Masks work, especially if they’re N95 respirators or equivalent. They work best when everyone uses them, and are kept on throughout the time we spend in an enclosed space. This is because the aerosols that carry the virus can keep circulating in a room, long after they’ve been exhaled.

But unmasking isn’t the end of it. Testing for Covid-19 in hospitals has also been largely curtailed. As the Observer revealed, clinical staff in some places are being discouraged from testing themselves. If they want a test, they must buy it. Why would hospitals want less information about infection?

Now we discover that the government is stockpiling vaccines rather than deploying them. It’s senseless for two reasons. First, because it should be maximising protection before the full autumn surge begins; second, because by the time they’re used, new mutations could render them worthless.

Bad enough? Oh no. Current government guidance advises staff who think they’re infected to stay at home, but only if they “have a high temperature or do not feel well enough to go to work”. Even then, they’re not required to take a test.
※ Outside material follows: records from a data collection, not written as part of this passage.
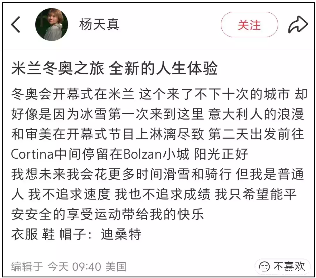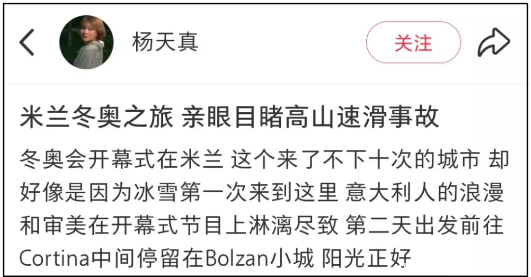 只见杨天真社媒动态标题直接就写着“米兰冬奥之旅,亲眼目睹高山速滑事故”,还配了一大段长文和多张live图。
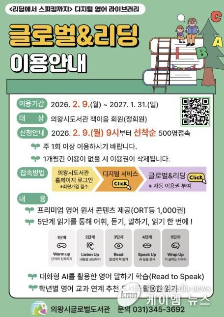 (케이엠뉴스) 의왕시 글로벌도서관(보식골로 30-10)이 아동, 청소년의 자기 주도적 영어 독서 습관 형성과 실력 향상에 도움을 줄 수 있도록 디지털 영어 라이브러리를 활용한 온라인 영어 독서 콘텐츠 '글로벌 앤 리딩'을 제공한다.
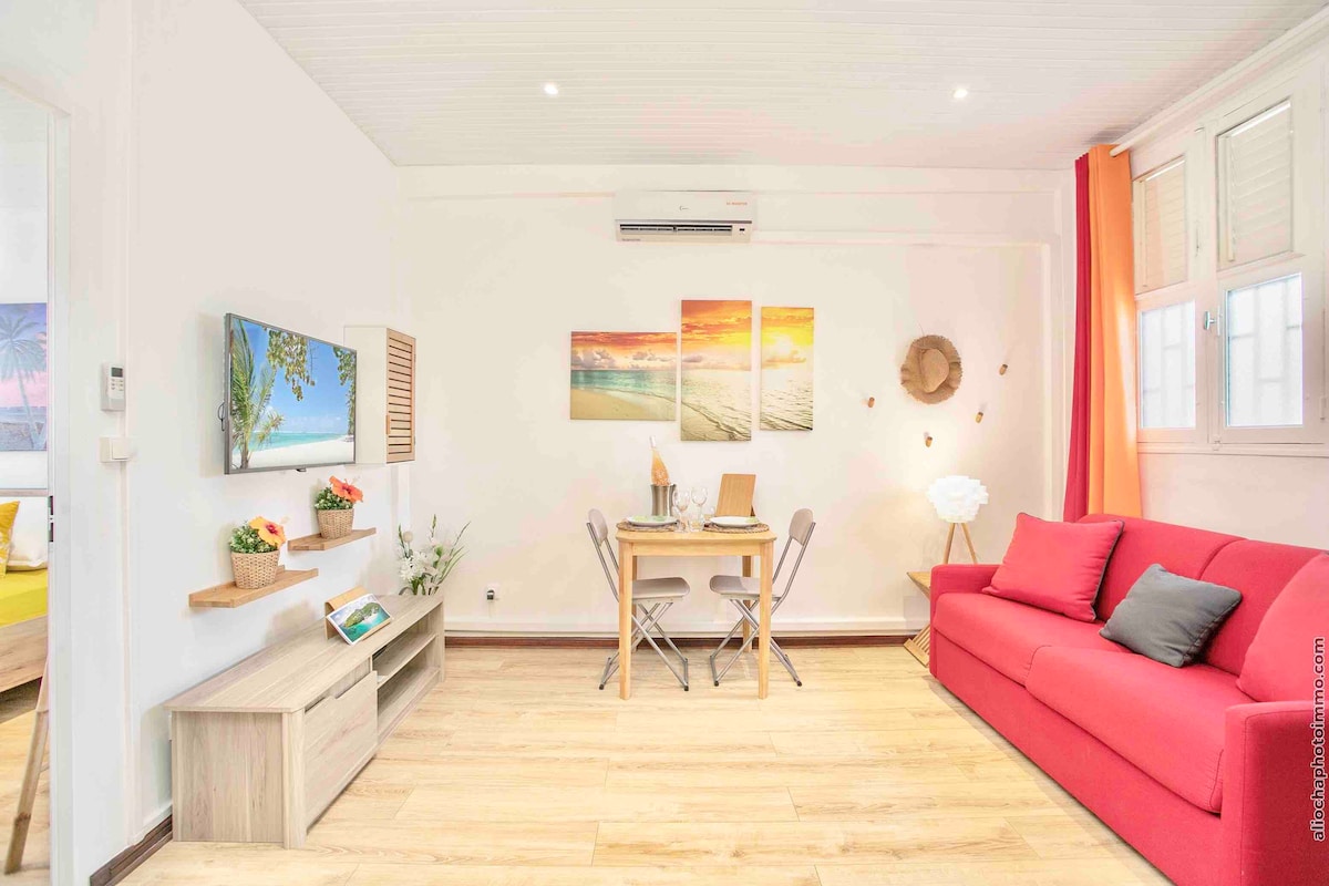 Nice flat , entirely equipped located in town center with 1 min of the market LOCAL and 5 min of the stars for the Trois ilets. Air conditioning in the living room and in the room, Wifi, HD TV Apartment for 4 people + baby (1 DOUBLE BED + 1 SOFA BED with True Mattress + 1 BERCEAU) Included are sheets, blankets, 1 range of cosmetics, towels and. Fort de France Bay beach is a 10-minute walk away.

If they feel well enough to work, it seems, they’re welcome to spread it around.

The same advice has been issued by the government to schools: “If your child has mild symptoms such as a runny nose, sore throat or mild cough, and they feel well enough, they can go to school or childcare.” Were you to devise a formula for spreading the disease as far and wide as possible, you could scarcely do better than this.

We know how to minimise infection: ventilation, air filtration and germicidal ultraviolet light in indoor public spaces; N95 masks and Covid tests provided free to those who want them; mask mandates in clinical settings; vaccines that are widely available and up to date; proper support for workers and for the parents of children who test positive, so they can stay at home without losing their income.

There’s plenty of masking going on, but not the kind that prevents infection. The government is masking its failure to get to grips with this virus. It’s masking the fact that, thanks to three years of such failures, Covid-19 is now a constantly evolving endemic infection likely to kill or disable many thousands every winter. It’s masking the ableism its rhetoric has encouraged: the othering and blaming of those who contract the disease, driven by the widespread but wholly mistaken belief that fit and healthy people don’t catch it. It’s masking the cruelty of a system that shuts down the lives of clinically vulnerable people.

These facts – and these people – are treated as social embarrassments, locked in the government’s moral attic like a relative with a mental illness in Victorian England. They’re the country’s family secret. That coughing noise upstairs? Nothing that need concern you.